Encontre o que precisa buscando por aqui. Por exemplo: digite o título do filme que quer pesquisar

sexta-feira, 13 de outubro de 2017

Os filmes lançados no circuito comercial de SP na semana iniciada em 05 10 2017



Ana de Armas e Ryan Gosling em Blade Runner 2049
Nesta semana, por obra pura e simples dos programadores das salas de cinema, o mercado de filmes demonstra possuir certa racionalidade interna e comprova a continuidade que parecem unir todos os espetáculos áudio visuais da história da cultura numa sequencia única de empreendimentos. São tantas e tão constantes as refilmagens, paródias, adaptações, novas versões e ressignificações – conduzindo à suspeita de que o principal assunto, aquele que mais interessa ao cinema, seja o próprio cinema.
Estreia Blade Runner 2049. É e também não é uma refilmagem, porque assume a forma de uma continuação do cultuado filme de mesmo nome feito por Ridley Scott em 1982. Tanto assim que o personagem de Harrison Ford continua o mesmo, ou seja, o caçador de androides Rick Deckard, que se encontra então desaparecido há 30 anos. 

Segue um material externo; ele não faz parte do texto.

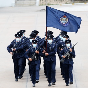 同日,香港纪律部队在各自院校举行开放日,表演中式步操,以彰显国家情怀,加强国安意识。

Temos um novo herói, isto é, um novo blade runer vivido por Ryan Gosling, o galã de La La Land, (que só por isso ganhou a reprovação de muitos) E, necessariamente novas e belas replicantes, além de um novo vilão, na pele de Jared Leto. E o diretor? O nome dele é Denis Villeneuve, um canadense que vale como garantia de qualidade, porque foi ele dirigiu A Chegada, o filme de ficção cientifica mais interessante do momento. 

Na Praia à Noite Sozinha é novo título do coreano do sul Hong Sang-soo, que já conquistou exatos 40 prêmios internacionais para seus 25 filmes que já rodaram o mundo e estão fazendo moda. São sempre temáticas aparentemente interligadas e elencos que se repetem. Por exemplo, este último filme parece um segundo capítulo de Certo Agora, Errado antes com a participação da magnética Kim Min-Hee. 

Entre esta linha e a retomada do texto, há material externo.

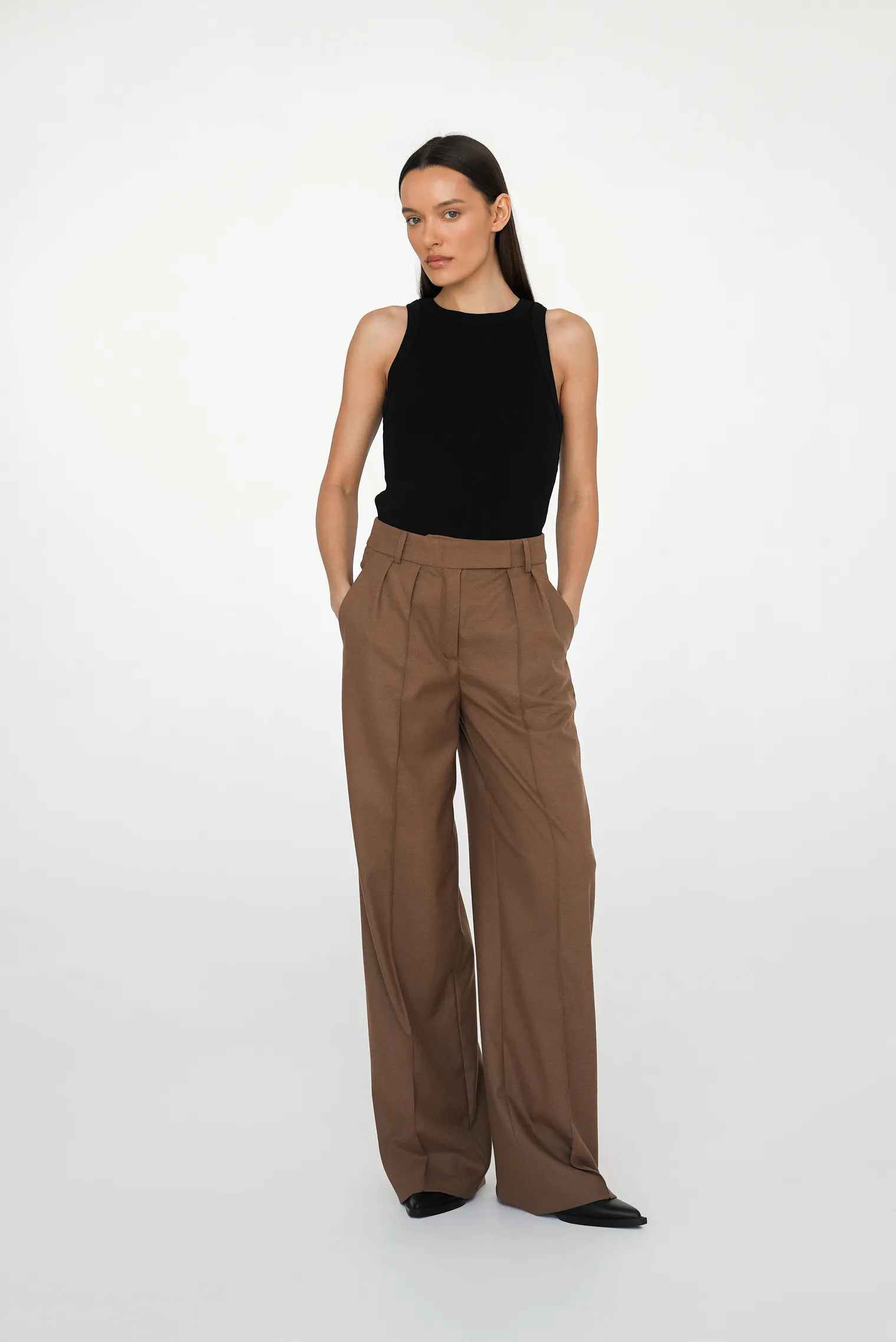 Модель табачного цвета — благородного коричнево-серого оттенка с природной глубиной — отличается продуманной конструкцией классических брюк со складками у пояса, которые создают элегантный объем в области бедер и формируют мягкую драпировку, и отстроченными стрелками по переду, визуально вытягивающими силуэт. Пояс притачной на плотном корсаже, что исключает деформацию и скручивание при носке, оснащен шлевками для ремня. Два функциональных кармана расположены в боковых швах, сохраняя чистоту линий и обеспечивая практичность.

Ela faz o papel de Younghee uma atriz de cinema famosa, que se tornou mal falada por ter namorado um homem casado. Ela volta para a sua cidade natal na Corea, após viver um tempo na Alemanha. O diretor Hong Sang-soo é um caso a parte na filmografia oriental e se caracteriza pela ausência de pressa em suas narrativas, experimentando uma movimentação interiorizada e contemplativa. A sua câmara por vezes se perde encantada pela beleza da cidade de Gangneung e de sua musa Kim Min-Hee.
É lançado o docudrama Churchill, com o escocês Brian Cox, no papel do chanceler Britânico que levou os ingleses à vitória na 2ª Guerra. E com a elegante Miranda Richardson, no papel da esposa Clementine. O diretor é o australiano Jonathan Teplitzky, de carreira apenas razoável. 
(som)
E Brian Cox é um ator de recursos apenas medianos, mas as compensa suas limitações com uma atuação firme e vigorosa. Não são se compara, porém, à excepcional qualidade trabalho do americano John Lithgow no mesmo papel, dentro da magistral série televisiva The Crown, criada em 2016 por Peter Morgan – ele que em 2006 dirigiu filmes sobre poderosos como O Último Rei da Escócia e A Rainha
Por falar nisso, também chega às telas o filme de um personagem que foi durante várias décadas o rei dos desenhos animados. Falamos de Woody Woodpecker, o famoso Pica-Pau. Só que o filme mistura atores ao vivo com figuras de animação. A história é sobre um casal que pretende construir sua casa de campo justamente no lugar conde mora o nosso herói – que, todos sabemos, tem um temperamento especialmente explosivo.

A Morte Te Dá Parabéns é um filme sobrenatural e de horror, mas com uma pegada cômica. A protagonista é assassinada no dia de seu aniversário, mas fica presa em um circulo vicioso entre vida e morte. Ela precisa resolver o mistério de seu próprio assassinato, e ressuscitar várias vezes, até descobrir quem foi o responsável pelo crime. A ideia já foi usada em outros filmes. Tomara que desta vez o diretor Christopher Landon use o humor...
Chocante é uma comédia em que Tony Ramos faz o papel de um empresário que, há 20 anos, criou e divulgou uma banda juvenil que fez sucesso na época e logo foi esquecida. Agora, diversas décadas depois, os antigos integrantes do grupo tentam novamente ser lançados na vida artística.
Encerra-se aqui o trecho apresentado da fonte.